Paura di scontri anti-caucasici, centro di Mosca blindato

Foto di Ilya Varlamov

Foto di Ilya Varlamov

Russi contro caucasici, dopo l’ultimo episodio di violenza,l’allarme nella capitale russa è alto. Migliaia di poliziotti in tenuta anti sommossa il 17 dicembre hanno pattugliato il centro moscovita, trattenendo almeno 800 persone dopo averle sottoposte a perquisizione. Chiusi anche il centro commerciale Yevropeiski e l’accesso alla vicina stazione metro Kievskaya per scongiurare ulteriori episodi cruenti nell’area ritenuta a rischio. Ecco la cronaca della giornata.

La polizia, allarmata da migliaia di giovani inferociti a causa dell’uccisione di un cittadino russo in una rissa con persone di origine caucasica lo scorso 5 dicembre e la conseguente ritorsione russa contro caucasici giorni dopo, avrebbe intercettato conversazioni telefoniche volte all’organizzazione di un’altra manifestazione davanti al centro commerciale.

Centinaia di giovani russi e caucasici si erano dati appuntamento per la resa dei conti nei pressi del centro commerciale Yevropeiski. Alcuni urlavano “la Russia ai russi” e “Mosca ai moscoviti”. La polizia ha tenuto in custodia qualsiasi sospetto in attesa di caricarlo sugli autobus delle forze dell’ordine. “La situazione a Mosca è sotto il controllo delle forze dell’ordine, non c’è alcuna ragione di sentirsi minacciati”, ha dichiarato il portavoce Viktor Biryukov a Interfax.

Ma la tensione non è diminuita neanche in tarda serata. Molti altri giovani rimanevamo fermi nel loro proposito di andare allo scontro. Un giornalista del Moscow Times ha intercettato, nei pressi della stazione metro Noviye Cheryomushki, un gruppo di ragazzini russi tra i 14 e i 15 anni che bevevano alcolici e discutevano sul modo migliore di attaccare i caucasici. “È ora di trovare qualche […] da bastonare - diceva uno-, ma la cosa più importante è essere sicuri che non ci siano sbirri in giro”.

Poco prima delle 6 del pomeriggio, un altro focolaio si è acceso sulla Smolenskaya Naberezhnaya, vicino al centro commerciale Yevropeisky, a causa di un gruppo di ultranazionalisti armati di mazze da baseball e spranghe di ferro che ha preso di mira un giovane caucasico. Secondo Interfax almeno cinque persone sono rimaste ferite.

La polizia in assetto antisommossa stava presidiando anche piazza Manezh, dove stazionavano circa 5.500 tifosi e nazionalisti furibondi per l’uccisione del tifoso Yegor Sviridov, 28 anni. I manifestanti, a un certo punto, hanno attaccato violentemente un gruppo di caucasici lì per caso.

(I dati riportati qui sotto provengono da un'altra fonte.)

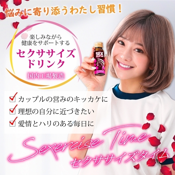 心身ともに自分を高めたい貴女のためのサポートドリンクです♪業界初の「セクササイズ」を実現しました!黒ショウガエキス末、マカエキス末、ムクナエキス末、L−カルニチンフマル酸塩の4つの厳選成分を配合しています♪毎日にメリハリをつけたい方にぴったりのドリンクです!悩みに向き合いたい方、理想の自分に近づきたい方にもおすすめ♪SEXERCISE TIMEは、身も心もスッキリとした充実した日々を目指し、愛情とハリのある毎日へと導きます。
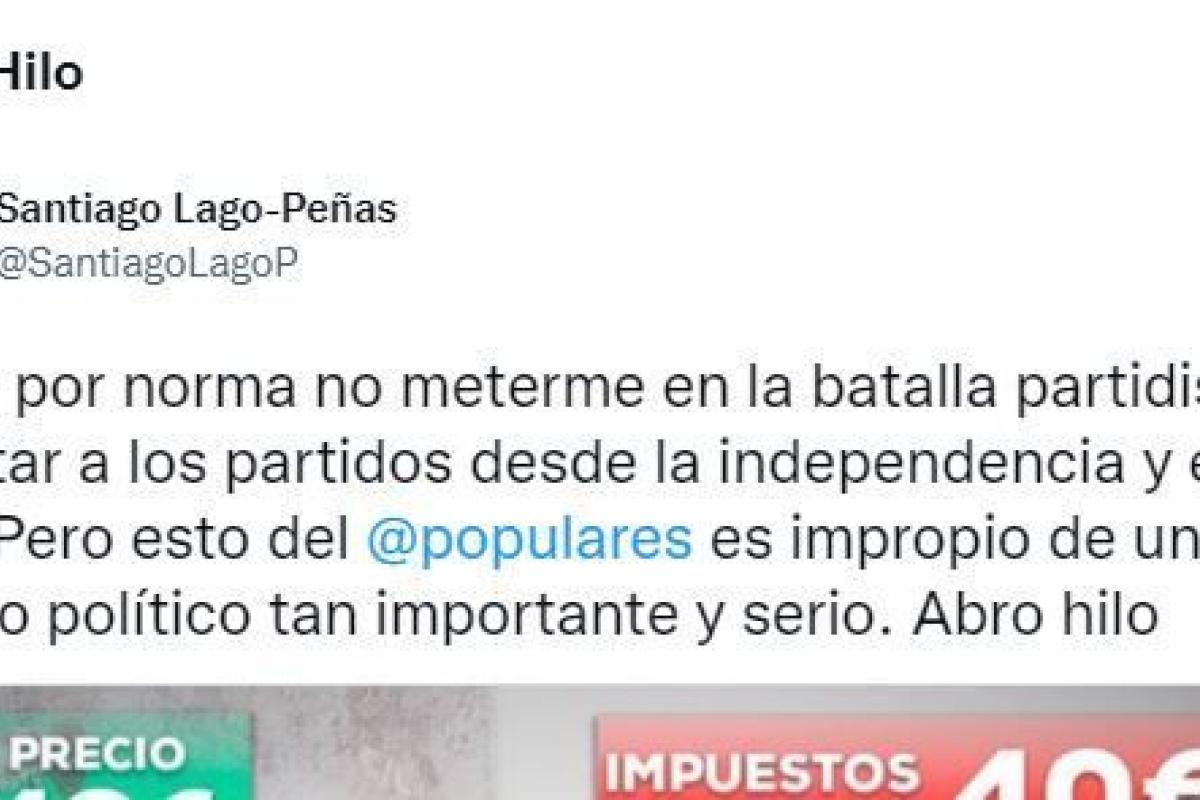 El experto comienza asegurando en una serie de mensajes de Twitter que tiene por norma no meterse “en la batalla partidista y respetar a los partidos desde la independencia y el rigor”. “Pero esto del PP es impropio de un partido político tan importante y serio”, subraya.
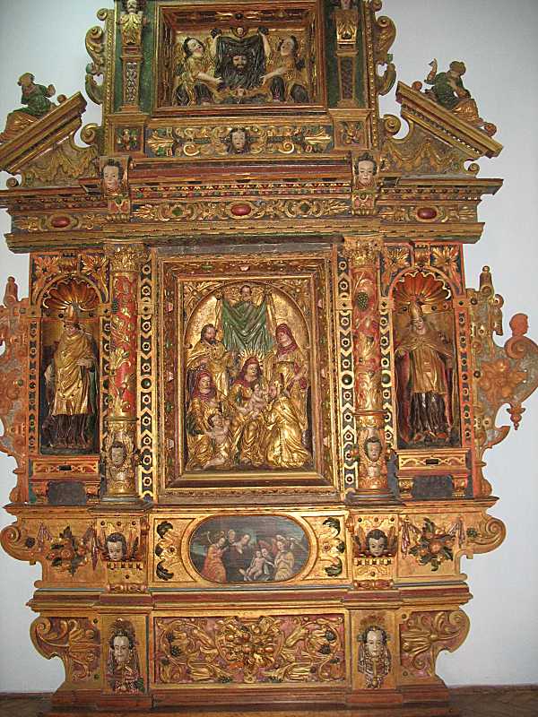 В залі розміщено два вівтарі (найдавніша форма споруди для поклоніння божеству). У вівтарі, підписаному монограмою “МТ” (1608 р.), в єдиному стилістичному ключі об’єднуються архітектурна конструкція, кругла скульптура, високі і низькі рельєфи та живопис. У центральній частині вівтаря – рельєф “Свята родина”, по боках, у нішах, вміщено фігури св. Станіслава і Войцеха, вище – алегоричні постаті, досконало виконані в круглій скульптурі. Розчленований ярусами вівтар, прикрашений голівками ангелів, розетками, колонами, гірляндами фруктів, перевитими виноградною лозою, має ренесансний характер із впливами маньєризму.
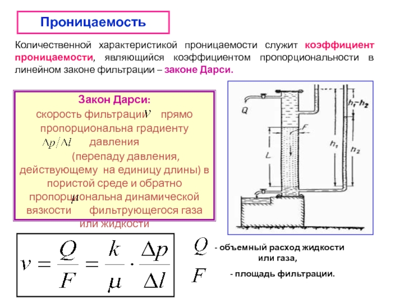 За единицу проницаемости в 1 м2 принимается проницаемость такой пористой среды, при фильтрации через образец которой площадью 1 м2 , длиной 1 м и перепаде давления 1 Па расход жидкости вязкостью 1 Па·с составляет 1 м3 /с.
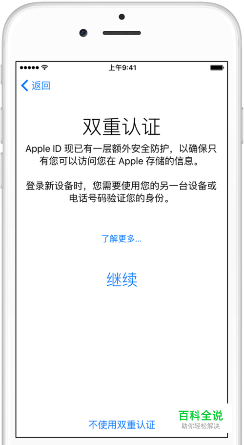 在新设备上设置 如果您正在设置新设备和双重认证,并且满足所有建议的系统要求,则在使用设置助理过程中,登录后您可能会看到以下屏幕。 要继续操作,请轻点“继续”并输入可在登录新设备时用于接收验证码的电话号码。验证此电话号码后,双重认证将会自动开启。
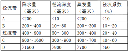 【小题1】由表中资料可知A径流带降水量小于200mm,说明是干旱地区,外力作用应以风力作用为主;D径流带降水量大于1600mm,说明此地气候湿润,降水丰富,外力作用应以流水作用为主。
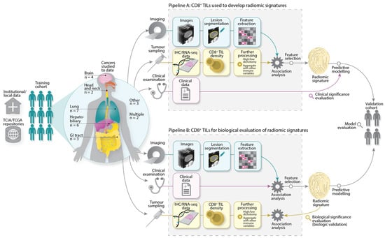 Radiomics workflow typically seen in the included studies. Imaging, biological, and clinical data were sourced from institutions and/or public repositories, before being subjected to further processing. To develop radiomic signatures, Pipeline A describes the main approach taken in the reviewed studies. Here, radiomic features were directly analysed for their association with CD8+ TILs. Features associated with CD8+ TILs were retained for radiomic signature derivation, model construction, and further evaluation. Pipeline B describes an alternate pathway where radiomic signatures were first developed by assessing the association of features with clinical variables, e.g., objective response. Signatures were then evaluated for their association with CD8+ TILs to explain, at least partially, the biological basis of the radiomic signatures. Acronyms: TCIA/TCGA = The Cancer Imaging Archive/The Cancer Genome Atlas, IHC = immunohistochemistry, RNA-seq = RNA sequencing.
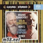 布拉姆斯、柴可夫斯基:小提琴協奏曲 Brahms & Tchaikovsky: Violin Concertos Hybrid Multichannel SACD特惠(m58.net) *兩張Living StereoLP合為一張CD 萊納(指揮)芝加哥交響樂團 海飛茲 (小提琴) 雅沙?海菲茲(Jascha Heifetz):1901年2月2日出生在立陶宛的維爾紐斯。 海菲茲的演奏把作品內涵的表達放在首位,演奏總是圍繞著這個中心的,每一個發音都充分、飽滿、優美。他最精彩的,還是浪漫派的大型獨奏作品。 在海菲茲的一生里,好像從來沒有出現過失敗的演奏,小的失誤也是極少見到的。這一方面是因為海菲茲極為嚴格的自我要求,另一方面就是他高超的技術水平。
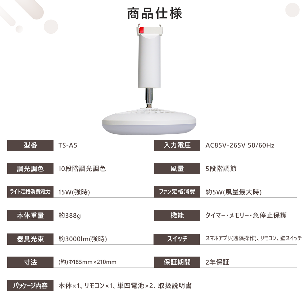 ☆消費電力(強時):ファン:5w/ライト:15w
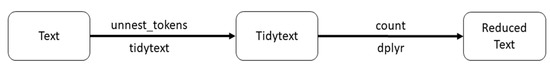 - Silge, J.; Robinson, D. tidytext: Text Mining and Analysis Using Tidy Data Principles in R. J. Open Source Softw. 2016, 1, 37. [Google Scholar] [CrossRef] [Green Version]

Il sindaco Sergei Sobyanin aveva garantito il più severo trattamento per chiunque avesse tentato di inscenare nuovamente manifestazioni violente. Il presidente Dmitry Medvedev aveva ordinato alle forze dell’ordine di punire i responsabili assicurando via Twitter lo stato di allerta delle autorità.

Ma nelle ore successive ai tafferugli, è apparso un messaggio online che reclamava vendetta, probabilmente a opera di un blogger di etnia caucasica. “Vi invito alle armi se potete senza paura e senza nascondervi dentro casa”, recitava il post. “Decideremo le prossime mosse sul posto”, la conclusione.

La chiamata alle armi, che i bloggers hanno confessato provenire dal social network VKontakte.ru, anche se censurata il giorno stesso, è stata ripubblicata più di 3.000 volte. La polizia aveva sottovalutato il messaggio credendo che fosse una provocazione degli ultranazionalisti; molti giovani invece, lo avevano preso sul serio.

Alla fine, la polizia ha fermato almeno 800 persone, incluse le 400 che si trovavano vicino al centro commerciale Yevropeisky, stando alle dichiarazioni del portavoce Biryukov che ha aggiunto che molti dei trattenuti erano caucasici e armati. Altre fonti affermano che il numero dei trattenuti arrivasse a 1.200.

L’associazione di tifosi All-Russian aveva chiesto ai gruppi di non prendere parte alle proteste “perché - come ha dichiarato il presidente Alexander Shprygin a Interfax -, avrebbero potuto avere un effetto negativo sulla comunità dei tifosi”.

Nello stesso tempo, riporta Ria-Novosti citando un funzionario di alto rango, i servizi di sicurezza scandagliavano il web allo scopo di risalire all’indirizzo Ip dei bloggers che avevano scritto messaggi estremisti reazionari.